The Quincy-Columbia Basin Irrigation District (QCBID) is one of three independent non-profit quasi-municipalities founded under Washington state law that hold a contract with the United States Bureau of Reclamation, a division of the United States Department of Interior, to operate and maintain a portion of the Columbia Basin Project.
The Quincy-Columbia Basin Irrigation District is also a member of the Grand Coulee Hydropower Authority. Under agreement with GCHPA and Grant County Public Utility District No. 2, the Quincy Irrigation District contributes in excess of 9400 kilowatts of hydroelectric power produced at the Quincy Chute, located near the 40-mile (64 km) mark on the West Canal, to the local power grid.
The service area for the Irrigation District is bounded roughly to the north by Lake Lenore, to the south by the Saddle Mountains, to the east by Moses Lake, and to the west by the Columbia River. The other two Irrigation Districts, the East-Columbia Basin Irrigation District (ECBID) and the South-Columbia Basin Irrigation District (SCBID) cover the remainder of the Columbia Basin Project.

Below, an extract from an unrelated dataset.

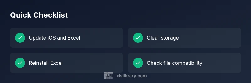 Before you dive into fixes, verify your system health. Check if other apps run normally and whether the issue occurs with multiple workbooks or a single file. If the problem happens across apps or after a recent update, you may be dealing with a broader device issue. If only Excel behaves oddly, focus on the app and file-specific checks. Remember, excel not working on iphone is usually solvable with standard maintenance like updates, storage management, and reinstallation.
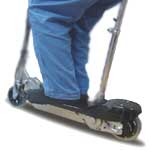 | まずは基本姿勢。イス・ハンドルの高さを調節します。 | 次にスタートスイッチをONにして電源を入れます。そしてイスに座り両足で支えます | アクセルスロットルを回します。スピード調節の強・弱のが簡単に操作できます。 | 両足を乗せ、前に進みます。イスをはずせば普通のキックボードと同じ乗り方が可能です。 |

Cities within the District Boundaries include Soap Lake, Ephrata, Quincy, George, Royal City, and portions of Moses Lake, Washington. Service areas include most of Grant County and a small portion of Adams County.
The water source servicing the irrigated lands within the district starts at Grand Coulee Dam, located in North Central Washington. The water is pumped up into the Banks Lake Reservoir. At the outlet of Banks Lake Reservoir is Dry Falls Dam, which regulates the amount of water entering into the irrigation project's Main Canal, which runs south from Dry Falls Dam to another reservoir called Billy Clapp Lake, formed by Pinto Dam. The Main Canal continues to a point North and East of Soap Lake, Washington, to the Main Canal Bifurcation. At this point, the Main Canal splits into the East Low Canal and the West Canal. The East Low Canal serves the East and South Columbia Basin Irrigation Districts, while the West Canal exclusively services the Quincy-Columbia Basin Irrigation District.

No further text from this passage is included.